Dungeons & Dragons Gazetteer
- Illustrator: Dennis Cramer
- Genre: Role-playing game
- Published: 2000 (Wizards of the Coast)
- Media type: Print
- Pages: 32
- ISBN: 0-7869-1742-3
- OCLC: 45080546

= Dungeons & Dragons Gazetteer =

2000 book about Dungeons & Dragons

The Dungeons & Dragons Gazetteer is a supplement to the 3rd edition of the Dungeons & Dragons role-playing game.

==Contents==
The Dungeons & Dragons Gazetteer details the lands of Greyhawk, the 3rd edition core world of Dungeons & Dragons. The book's introduction noted that the D&D game setting is located on Oerth, more specifically on the continent of Oerik, in its easternmost portion called the Flanaess. The book then goes on the briefly cover the history of the region, as well as an atlas that provides a short description of the most important kingdoms. There is also a chapter on geography, and a listing of some of the most influential groups in the region.

==Publication history==
In 1980, D&D co-creator Gary Gygax released the World of Greyhawk Fantasy Game Setting, a 32-page gazetteer of Gygax's World of Greyhawk. This was updated several times over the next decade.
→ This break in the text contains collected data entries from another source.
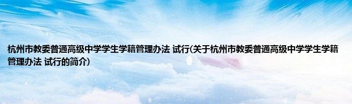 大家好,杭州市教委普通高级中学学生学籍管理办法 试行,关于杭州市教委普通高级中学学生学籍管理办法 试行的简介很多人还不知道,现在让我们一起来看看吧!
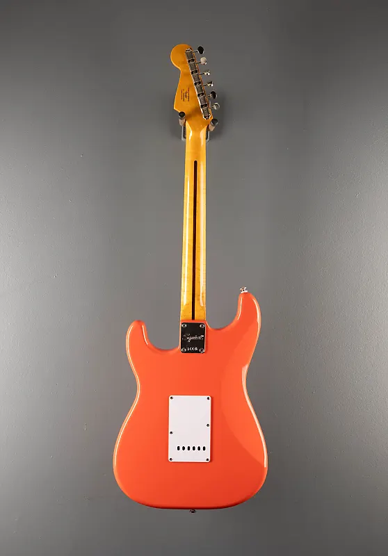 Цвет Fiesta Red, изготовлено в Индонезии, корпус из нятоха, глянцевое полиуретановое покрытие корпуса, гриф из клена с профилем C, накладка из клена радиусом 9,5 дюймов с узкими высокими ладами, мензура 25,5 дюйма, ширина верхнего порожка 1,650 дюйма, звукосниматели Strat с одинарной катушкой Alnico от Fender, 5-позиционный переключатель с мастер-громкостью, регуляторами тембра 1 (гриф/средний звукосниматель) и тембра 2 (бриг-бридж), тремоло в винтажном стиле
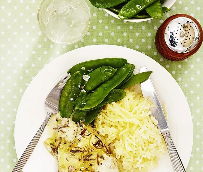Dillbakad fisk med gröna ärtor
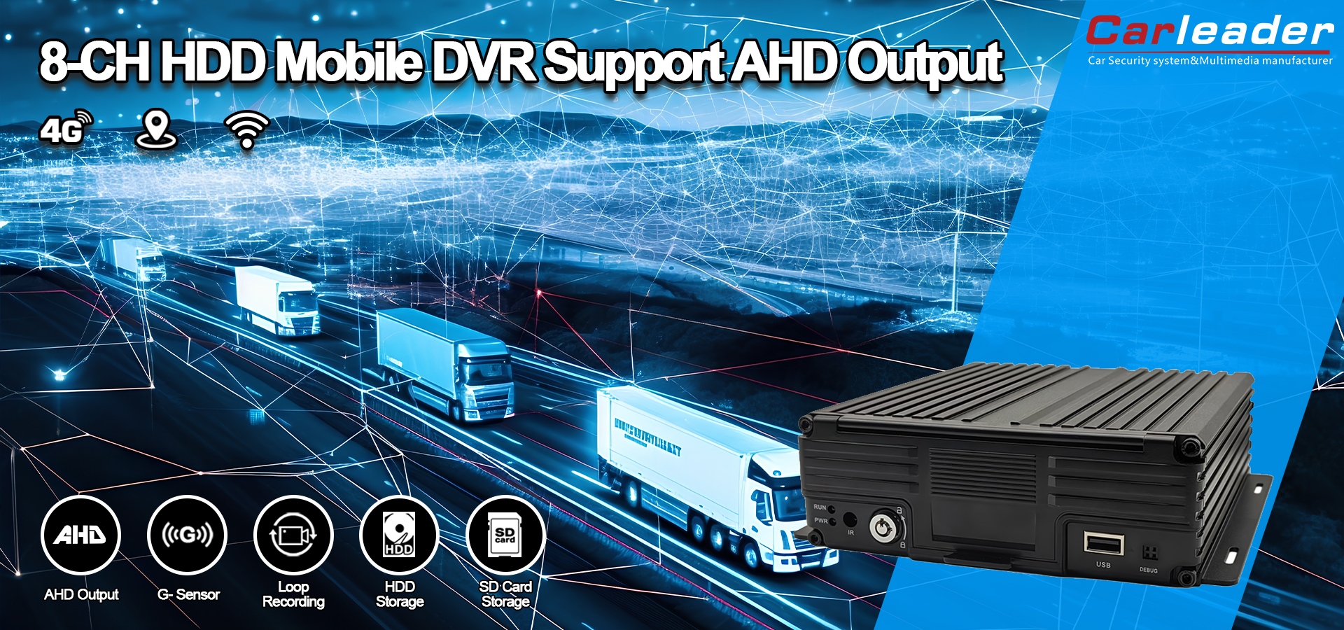 Carleader8CH 1080P HDD Mobile DVR tukee AHD-lähtöäon korkean suorituskyvyn 8-kanavainen Mobile Digital Video Recorder (MDVR), joka tukee AHD-signaalilähtöä. Se on suunniteltu luotettavaan ja edistyneeseen ajoneuvon valvontaan ja tiedonhallintaan. Se on suunniteltu täyttämään kalustonhallinnan, kuljetusten turvallisuuden ja mobiilitallennussovellusten vaativat vaatimukset, ja siinä yhdistyvät vankka laitteisto älykkäisiin ohjelmistoominaisuuksiin.

After the takeover of TSR by Wizards of the Coast and the development of a third edition of D&D, the company published a new Gazetteer in 2000 using the same 32-page format originally used by Gygax twenty years previously.

The Dungeons & Dragons Gazetteer was written by Gary Holian, Erik Mona, Sean Reynolds, and Frederick Weining, with cover art was by Sam Wood, with interior art by Dennis Cramer.

==Reception==
In Issue 24 of the French role-playing magazine Backstab, Cyril Pasteau noted that 32 pages was not enough to "synthesize a universe as vast as that of Grehyawk." Pasteau concluded, "Unfortunately, there is not enough material for a beginning gamemaster to build their own campaign."